Data records »
<<<<
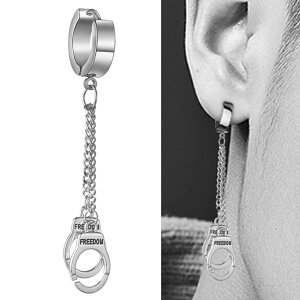 サージカルステンレス316L製のリングピアスに喜平チェーンで2個の手錠のチャームが揺れるSM風の面白いステンレスピアス。 2連の長いキヘイチェーンの先端に手錠のチャームが存在感をアピールしてくれる男性からも女性からも人気のリング
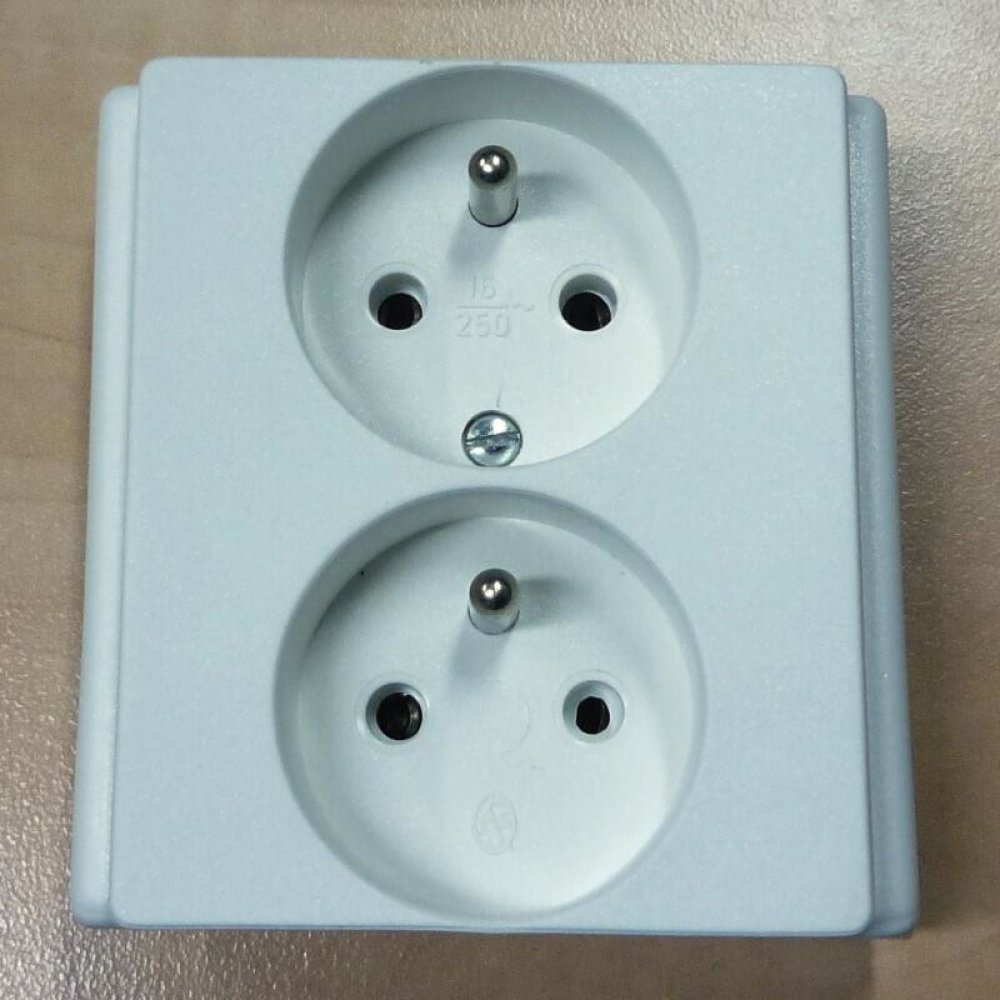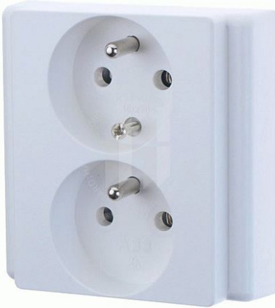 Zásuvka dvojnásobná chráněná, 81x81 mm; jasně bílá
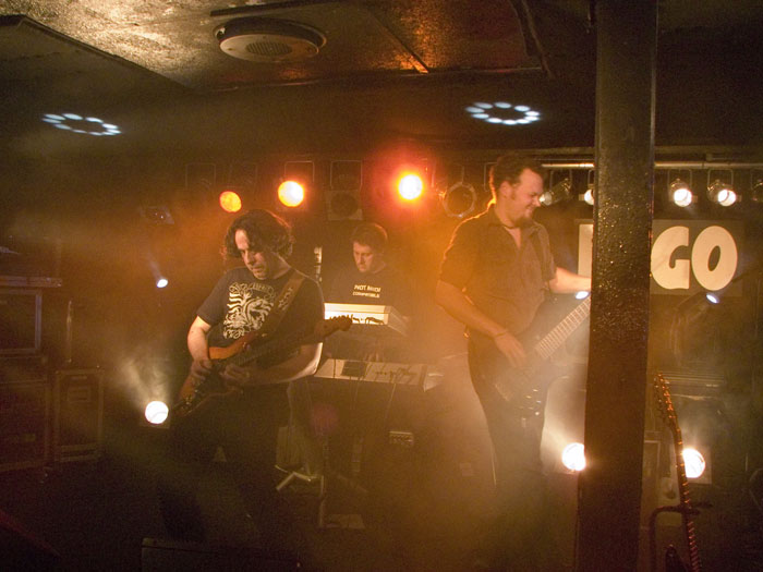 im Laufe des Konzerts aber bessert (oder die Ohren des Rezensenten haben sich einfach daran gewöhnt…). Die Hamburger konzentrieren sich erstmal auf die beiden neusten Alben und bringen auch Stücke vom düster-melancholischen Konzeptalbum „Posthumous Silence“ – erstaunlich, wie diese introvertierten Stücke live funktionieren: Bei den „spoken word“ Passagen vom Band kommt richtig Gänsehautstimmung auf. Gutes Stichwort! Guido Bungenstock legt ein paar leidenschaftliche Soli hin, daß es einem wohlig den Rücken rauf und runter läuft: Das ist leidenschaftliche Musik zum Mitfühlen und –erleben!
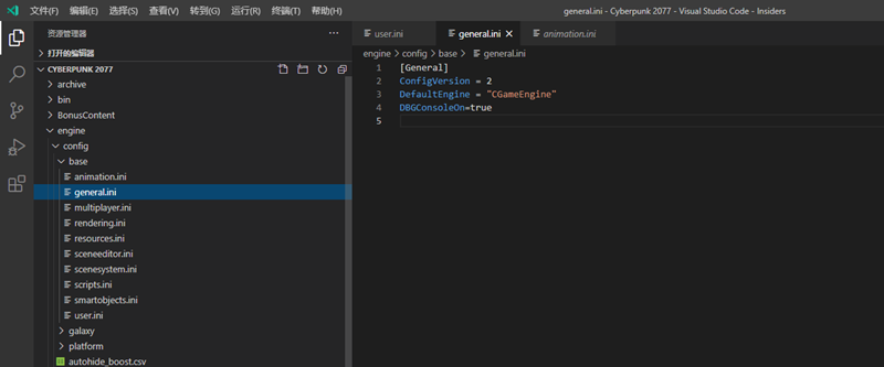 在游戏目录:Cyberpunk 2077/engine/config/base 中的“General.ini”文件中添加
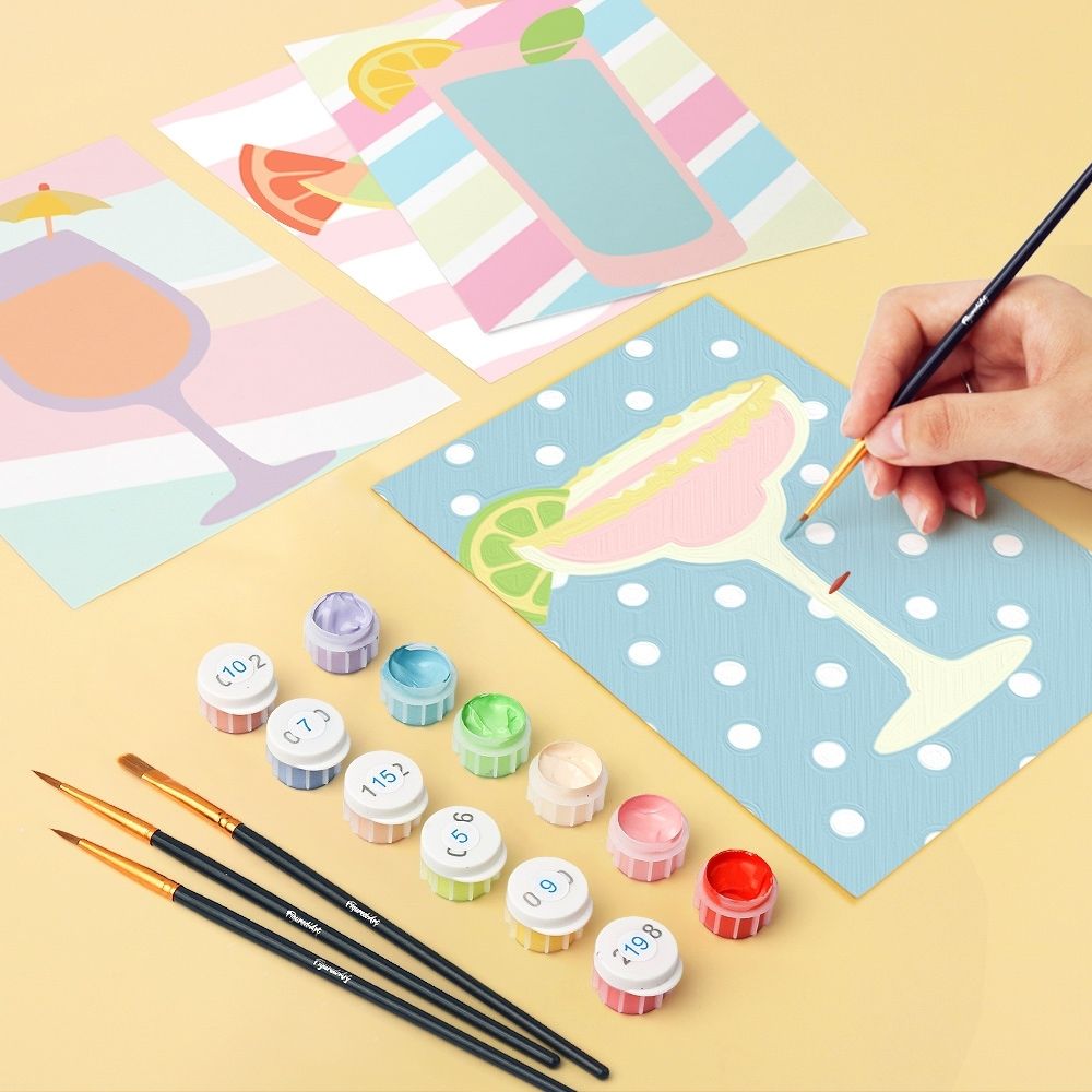 Deze mini schilder op nummer kits zijn een ideaal alternatief voor grote formaten: compact, praktisch en snel te voltooien. Perfect voor beginners en hobbyisten die kleine, creatieve projecten willen doen, zelfs als je weinig tijd hebt. Ook geweldig voor creatieve bijeenkomsten of schilderavonden met vrienden: iedereen kan zijn eigen mini-doek schilderen terwijl hij geniet van muziek en snacks.
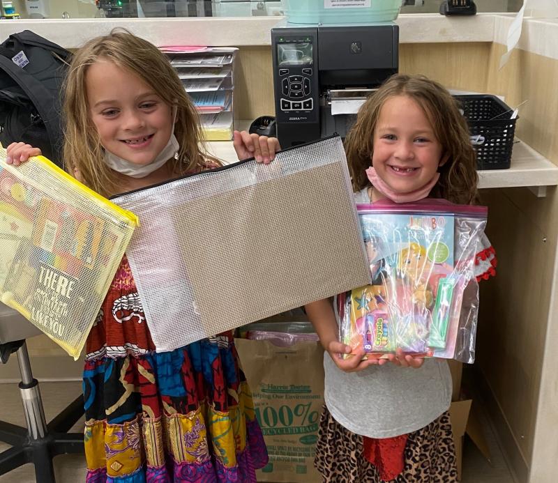 Caroline had fun preparing the bags for the babies, and she understood that they only needed a "stuffy and a book, no little items." She also loved making the bags that had Bluey and Pokémon, saying, "These are the best; it'll make the kids so happy." It took a few days to stuff more than 150 Busy Bags. The girls would get up in the morning and start stuffing all by themselves. They even had some of the neighborhood kids helping.
>>>>
Task details »
Your answer should copy the listing word for word, with no pictures in it.

Problem solution »
 サージカルステンレス316L製のリングピアスに喜平チェーンで2個の手錠のチャームが揺れるSM風の面白いステンレスピアス。 2連の長いキヘイチェーンの先端に手錠のチャームが存在感をアピールしてくれる男性からも女性からも人気のリング
 Zásuvka dvojnásobná chráněná, 81x81 mm; jasně bílá
 im Laufe des Konzerts aber bessert (oder die Ohren des Rezensenten haben sich einfach daran gewöhnt…). Die Hamburger konzentrieren sich erstmal auf die beiden neusten Alben und bringen auch Stücke vom düster-melancholischen Konzeptalbum „Posthumous Silence“ – erstaunlich, wie diese introvertierten Stücke live funktionieren: Bei den „spoken word“ Passagen vom Band kommt richtig Gänsehautstimmung auf. Gutes Stichwort! Guido Bungenstock legt ein paar leidenschaftliche Soli hin, daß es einem wohlig den Rücken rauf und runter läuft: Das ist leidenschaftliche Musik zum Mitfühlen und –erleben!
 在游戏目录:Cyberpunk 2077/engine/config/base 中的“General.ini”文件中添加
 Deze mini schilder op nummer kits zijn een ideaal alternatief voor grote formaten: compact, praktisch en snel te voltooien. Perfect voor beginners en hobbyisten die kleine, creatieve projecten willen doen, zelfs als je weinig tijd hebt. Ook geweldig voor creatieve bijeenkomsten of schilderavonden met vrienden: iedereen kan zijn eigen mini-doek schilderen terwijl hij geniet van muziek en snacks.
 Caroline had fun preparing the bags for the babies, and she understood that they only needed a "stuffy and a book, no little items." She also loved making the bags that had Bluey and Pokémon, saying, "These are the best; it'll make the kids so happy." It took a few days to stuff more than 150 Busy Bags. The girls would get up in the morning and start stuffing all by themselves. They even had some of the neighborhood kids helping.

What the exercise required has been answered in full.